§ **INPUT FOR THIS TASK**

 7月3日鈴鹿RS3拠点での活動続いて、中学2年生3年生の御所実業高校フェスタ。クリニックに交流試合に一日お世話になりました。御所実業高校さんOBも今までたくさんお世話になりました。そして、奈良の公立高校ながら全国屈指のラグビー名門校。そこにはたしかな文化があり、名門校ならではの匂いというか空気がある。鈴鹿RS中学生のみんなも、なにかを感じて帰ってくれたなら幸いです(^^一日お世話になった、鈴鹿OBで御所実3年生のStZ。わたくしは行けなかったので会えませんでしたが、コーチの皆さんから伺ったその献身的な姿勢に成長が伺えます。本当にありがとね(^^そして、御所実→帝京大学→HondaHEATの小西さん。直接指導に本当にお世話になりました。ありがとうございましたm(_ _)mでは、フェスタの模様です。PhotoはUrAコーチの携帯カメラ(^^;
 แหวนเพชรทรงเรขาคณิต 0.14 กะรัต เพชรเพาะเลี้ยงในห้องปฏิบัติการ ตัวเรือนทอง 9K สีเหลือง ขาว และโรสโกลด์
--
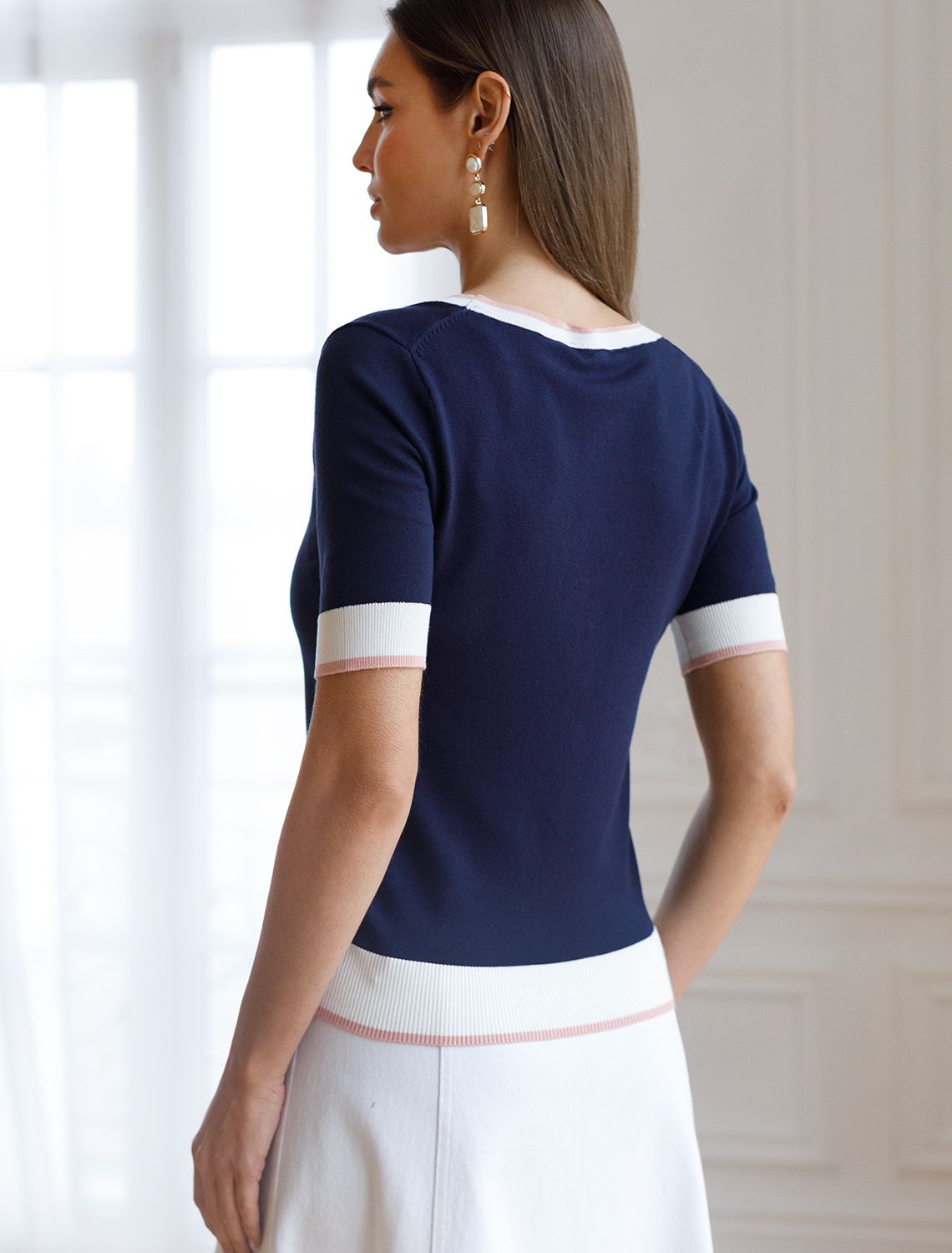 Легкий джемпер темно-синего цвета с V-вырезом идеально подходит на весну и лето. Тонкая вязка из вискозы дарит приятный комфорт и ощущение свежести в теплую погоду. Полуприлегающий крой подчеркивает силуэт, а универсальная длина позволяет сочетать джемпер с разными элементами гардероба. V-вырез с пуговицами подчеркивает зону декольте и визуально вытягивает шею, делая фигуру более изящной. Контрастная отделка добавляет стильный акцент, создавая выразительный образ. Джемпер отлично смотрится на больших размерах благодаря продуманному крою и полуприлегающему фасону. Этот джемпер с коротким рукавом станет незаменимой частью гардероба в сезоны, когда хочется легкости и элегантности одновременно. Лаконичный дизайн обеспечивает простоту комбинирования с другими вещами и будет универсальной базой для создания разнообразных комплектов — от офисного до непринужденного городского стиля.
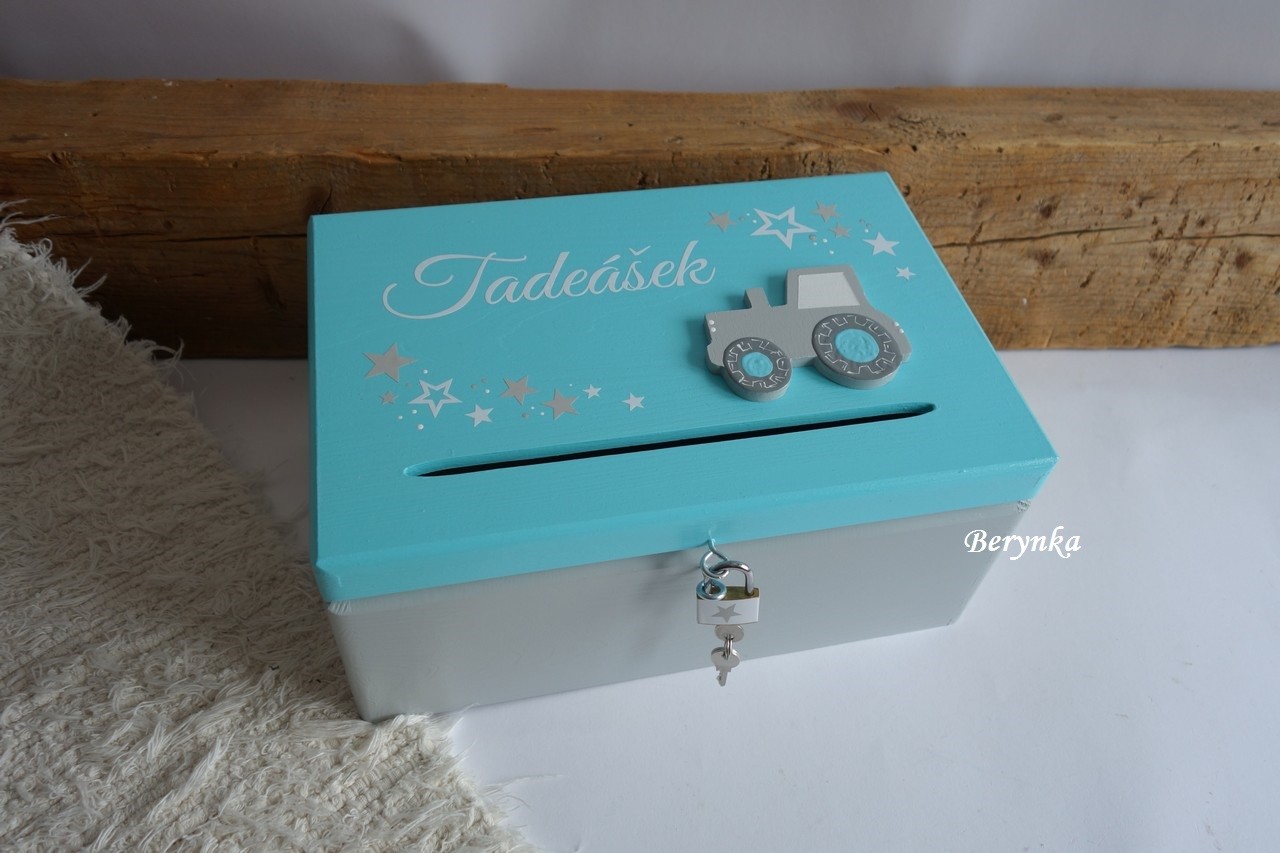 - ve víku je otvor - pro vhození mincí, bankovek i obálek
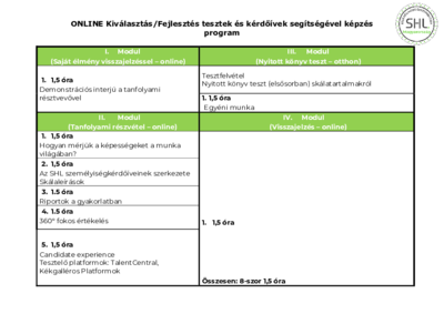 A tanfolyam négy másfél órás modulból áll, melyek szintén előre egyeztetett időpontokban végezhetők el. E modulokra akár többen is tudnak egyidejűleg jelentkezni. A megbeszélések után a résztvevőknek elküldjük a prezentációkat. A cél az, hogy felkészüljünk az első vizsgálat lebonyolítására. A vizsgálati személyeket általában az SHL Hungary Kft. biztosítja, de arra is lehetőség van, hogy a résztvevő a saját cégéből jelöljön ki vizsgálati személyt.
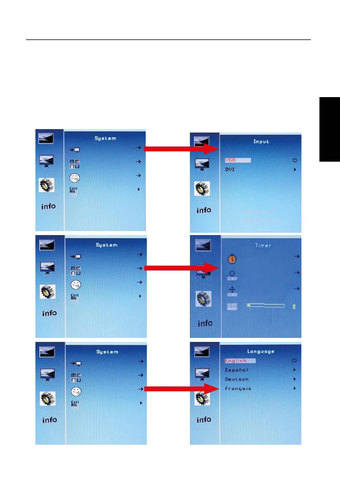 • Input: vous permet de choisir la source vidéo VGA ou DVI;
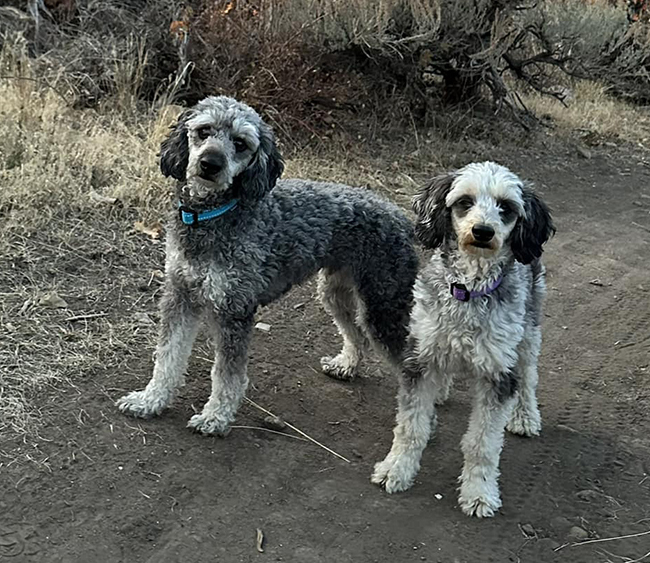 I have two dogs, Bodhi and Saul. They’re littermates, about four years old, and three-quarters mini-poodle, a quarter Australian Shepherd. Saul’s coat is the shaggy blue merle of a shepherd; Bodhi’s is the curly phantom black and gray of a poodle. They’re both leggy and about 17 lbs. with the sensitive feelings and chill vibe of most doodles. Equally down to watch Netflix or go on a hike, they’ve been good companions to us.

§ **EXERCISE DIRECTIONS**
Repeat, word for word, the lines of the material above from the one holding "- ve víku je" through the one holding "VGA ou DVI;". Leave out pictures.

§ **TASK RESPONSE**
 - ve víku je otvor - pro vhození mincí, bankovek i obálek
 A tanfolyam négy másfél órás modulból áll, melyek szintén előre egyeztetett időpontokban végezhetők el. E modulokra akár többen is tudnak egyidejűleg jelentkezni. A megbeszélések után a résztvevőknek elküldjük a prezentációkat. A cél az, hogy felkészüljünk az első vizsgálat lebonyolítására. A vizsgálati személyeket általában az SHL Hungary Kft. biztosítja, de arra is lehetőség van, hogy a résztvevő a saját cégéből jelöljön ki vizsgálati személyt.
 • Input: vous permet de choisir la source vidéo VGA ou DVI;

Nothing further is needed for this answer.